The scene in which Zaheer kills the Earth Queen during the episode "Long Live the Queen" received a strong, often alarmed reaction from critics. Nicholson called the scene "jaw-dropping", surprised at the explicit and on-screen death of Hou-Ting. Kenneth Brown of Blu-ray.com echoed Nicholson's sentiments, deeming scenes of Zaheer's bending "diabolical". Mike Hoffman of The Escapist called the scene "a turning point" for the series, where the audience discovers just how dangerous Zaheer really was, but an example of the respect the show's creators had for its audience regardless of age. Writing for The A.V. Club, Oliver Sava reflected that the scene's brutality was a reminder of how far the series had come since Avatar: The Last Airbender. Sava elaborated, "the moment firmly pushes The Legend Of Korra out of children's television territory and into the realm of young adult entertainment, trusting that the viewers are mature enough to see a woman get asphyxiated in rather graphic detail, complete with a close-up shot of the Earth Queen gasping for breath while her eyes bulge out in pain."

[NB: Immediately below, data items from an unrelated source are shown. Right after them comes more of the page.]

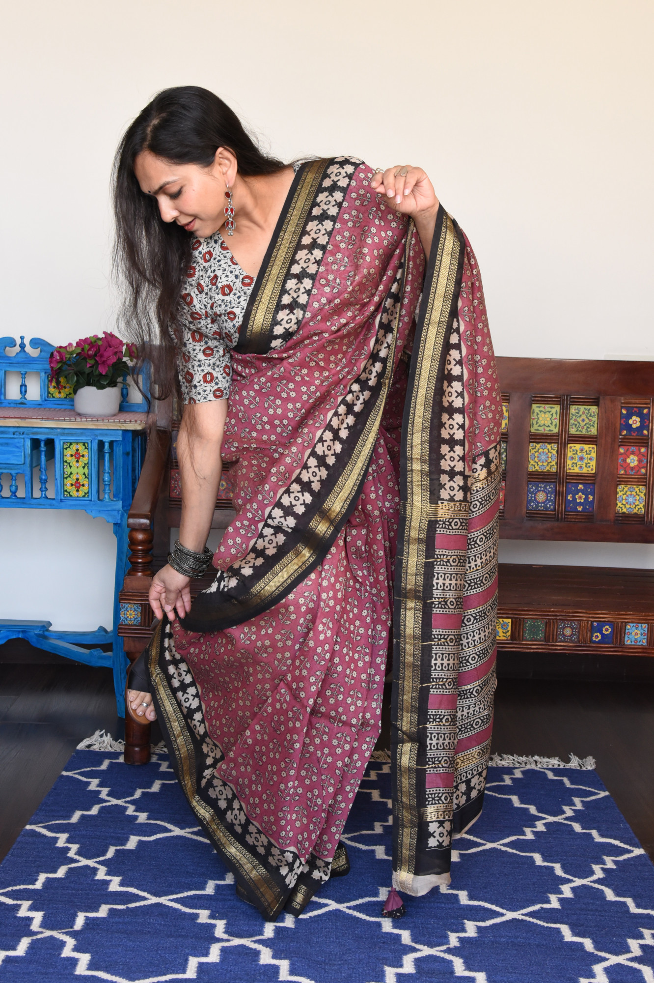 Antarang’s handblock print sarees are a celebration of refined craftsmanship and timeless design. Each saree is handcrafted by skilled artisans using traditional wooden blocks, making every piece an exclusive work of art. Crafted in elegant cotton silk fabrics, these sarees offer a graceful drape, subtle sheen, and effortless sophistication. Natural variations in print and colour reflect the authenticity of handblock printing, adding to the charm of true handcrafted luxury. Shop handblock sarees online at Antarang and experience artisanal sarees designed for women who appreciate heritage, exclusivity, and understated elegance.
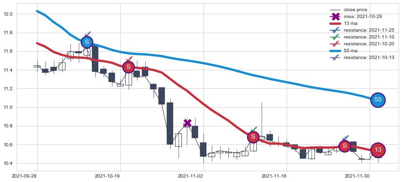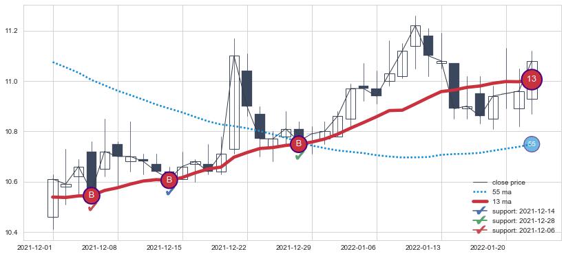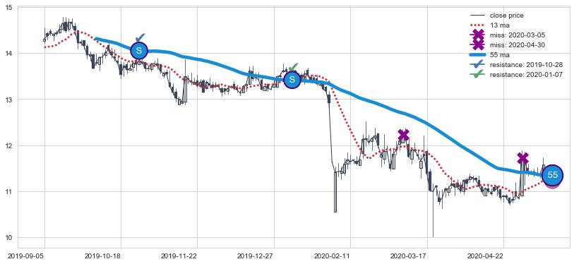 ➢ 最优均线组合共正确确认支撑阻力信号9处,正确确认率 69.23%
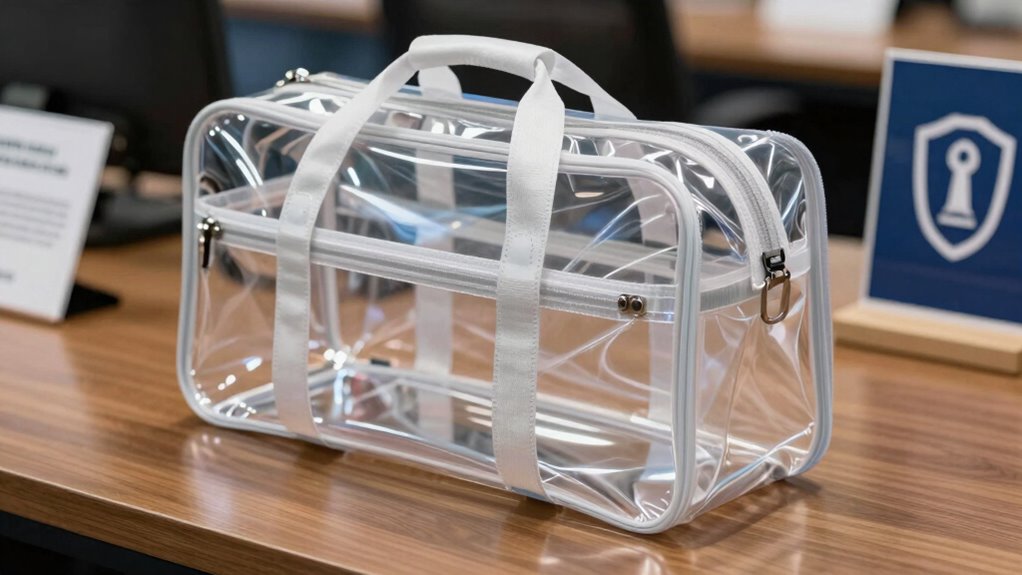 Clear bags are often recommended but not always mandatory, depending on the venue’s security protocols. You should check the specific bag check procedures beforehand, as some places enforce strict rules requiring clear bags for easier screening. Bringing a clear bag can speed up entry, but if non-clear bags are allowed, be prepared for additional security checks. Always verify venue policies to make certain of smooth entry and adherence to security measures.
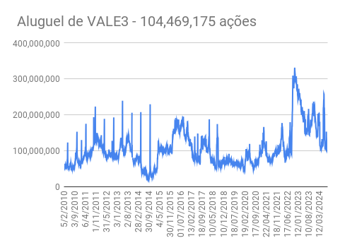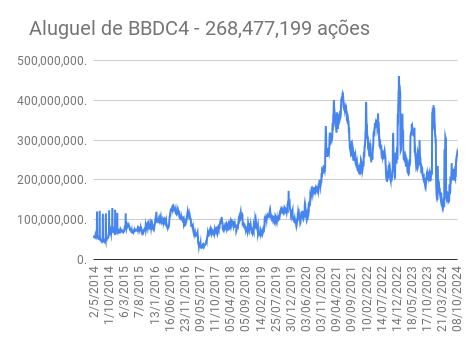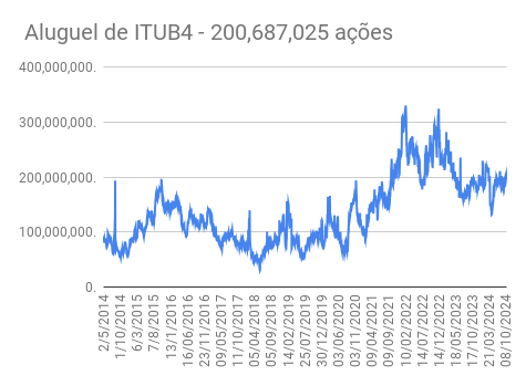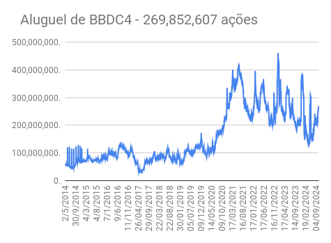 Este é um dado que acompanho diariamente, serve para que eu veja o “peso” extra que existe sobre estas ações. Normalmente – veja bem, normalmente … – um aumento na posição alugada pode significar um movimento de queda no papel. E o contrário também é verdadeiro, uma cobertura pode significar um movimento de alta.
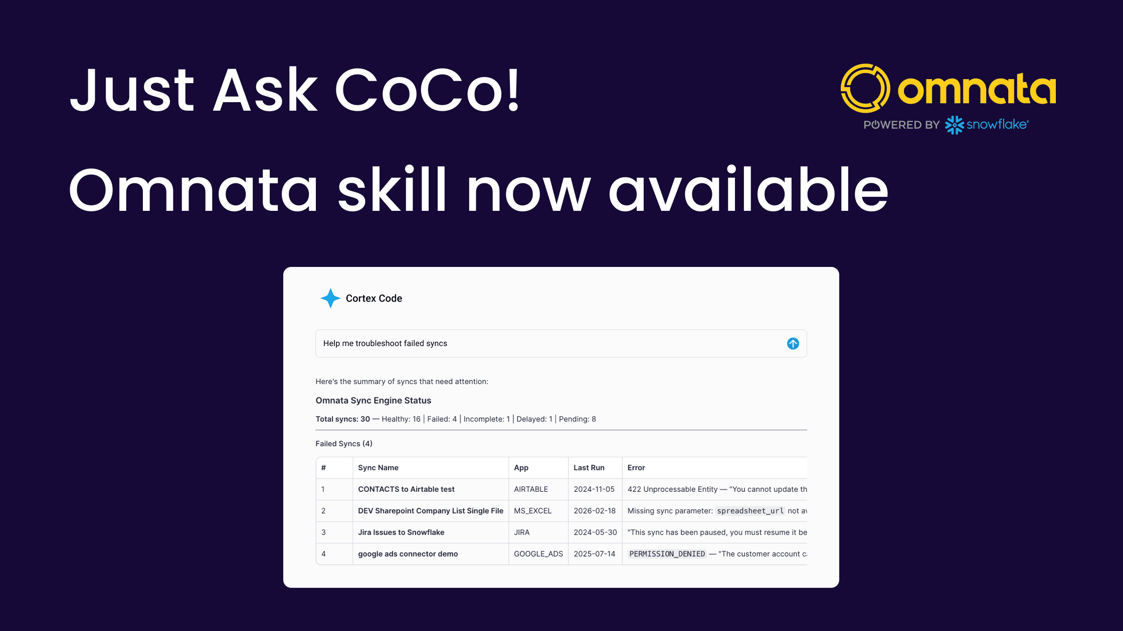 We've built a Cortex Code skill that turns Snowflake's built-in AI assistant into an expert on your Omnata Sync native app. You can monitor syncs, analyse your warehouse costs and get it to perform some actions, however, the biggest value unlock is in troubleshooting.

Zaheer's sympathetic nature and complexity as a character also received analysis and critical praise. IGN called Zaheer an "interesting" character, intrigued by his genuine respect for Air Nomad culture and his affability towards Korra during their conversation in the Spirit World. Mike Hoffman praised the effort made to portray Zaheer as a "particularly human" villain, citing the fact that he (as well as Amon and Kuvira) made "valid arguments" for their actions, as well as his loving relationship with P'Li.

IGN also praised the final fight scene between Korra and Zaheer in "Venom of the Red Lotus", listing it as one of the best fight scenes of 2014 and lauding its "distinct superhero feel".